In my textbook this question solved in this way: they take since $$\dfrac{d}{dx}(x\sin x+\cos x)=x\cos x $$ so,
$$\int \dfrac {x^2}{({x\sin x+\cos x})^2}\,dx$$ $$\int \dfrac {x\cos x}{({x\sin x+\cos x})^2}\cdot \dfrac {x}{\cos x}\,dx$$ Is there any other way to do this question? I know substitution, but I have never encountered this type of arrangement on the basis of the differential.

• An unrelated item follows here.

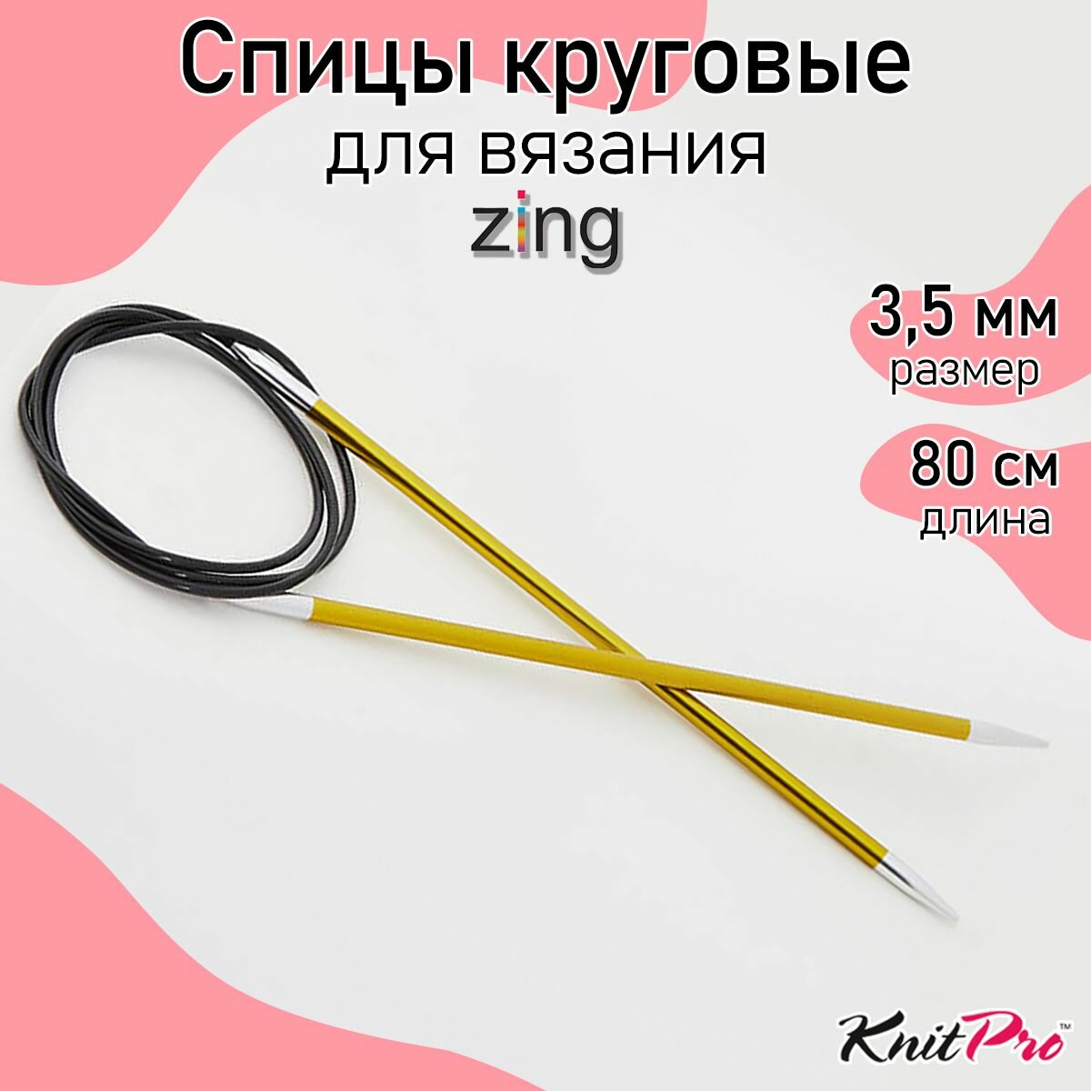 Спицы круговые Knit Pro Zing, 3,5 мм, 80 см, алюминий (KNPR.47127)

Let $u=x\sin{x}+\cos{x}$ so that $du=x\cos{x}~dx$. Note that we chose this since $u$ is composed within another function. Unfortunately, $x\cos{x}$ doesn't quite appear in the integral, but's let's use wishful thinking and pretend that it did. Thus, we can easily solve an integral of the following form: $$ \int \dfrac {x\cos x}{({x\sin x+\cos x})^2}\,dx = \int \dfrac {1}{u^2}\,dx =\dfrac{u^{-1}}{-1}+K=\dfrac{-1}{x\sin x + \cos x}+K $$
Now in order to make the above work useful, we multiply by $1$ in a fancy way so that $x\cos{x}$ appears in the integral: $$\int \dfrac{x^2}{(x\sin{x}+\cos{x})^2} dx = \int \dfrac{x}{\cos{x}} \cdot \dfrac{x\cos{x}}{(x\sin{x}+\cos{x})^2} dx $$
Now we use integration by parts. By pattern matching, this suggests that we let $f=\dfrac{x}{\cos{x}}$ and $dg=\dfrac {x\cos x}{({x\sin x+\cos x})^2}\,dx$. Then $df=\dfrac{x\sin{x}+\cos{x}}{\cos^2{x}}dx$ and $g=\dfrac{-1}{x\sin x + \cos x}$, which yields:
$$ \begin{align*} \int \dfrac{x^2}{(x\sin{x}+\cos{x})^2} dx &= \int \dfrac{x}{\cos{x}} \cdot \dfrac{x\cos{x}}{(x\sin{x}+\cos{x})^2} dx \\ &= \dfrac{x}{\cos{x}} \cdot \dfrac{-1}{x\sin x + \cos x} - \int \dfrac{-1}{x\sin x + \cos x} \cdot \dfrac{x\sin{x}+\cos{x}}{\cos^2{x}}dx \\ &= \dfrac{-x}{\cos x (x\sin{x}+\cos{x})} + \int \sec^2 {x}~dx \\ &= \dfrac{-x}{\cos x (x\sin{x}+\cos{x})} + \tan{x} + C \\ &= \dfrac{-x}{\cos x (x\sin{x}+\cos{x})} + \dfrac{\sin{x}}{\cos{x}} + C \\ &= \dfrac{-x + \sin x (x\sin{x}+\cos{x})}{\cos x (x\sin{x}+\cos{x})} + C \\ &= \dfrac{-x(\sin^2 x + \cos^2 x) + \sin x (x\sin{x}+\cos{x})}{\cos x (x\sin{x}+\cos{x})} + C \\ &= \dfrac{(-x\sin^2 x -x\cos^2 x) + (x\sin^2{x}+\sin{x}\cos{x})}{\cos x (x\sin{x}+\cos{x})} + C \\ &= \dfrac{\sin{x}\cos{x}-x\cos^2 x}{\cos x (x\sin{x}+\cos{x})} + C \\ &= \dfrac{\cos{x}(\sin{x}-x\cos x)}{\cos x (x\sin{x}+\cos{x})} + C \\ &= \dfrac{\sin{x}-x\cos x}{x\sin{x}+\cos{x}} + C \\ \end {align*} $$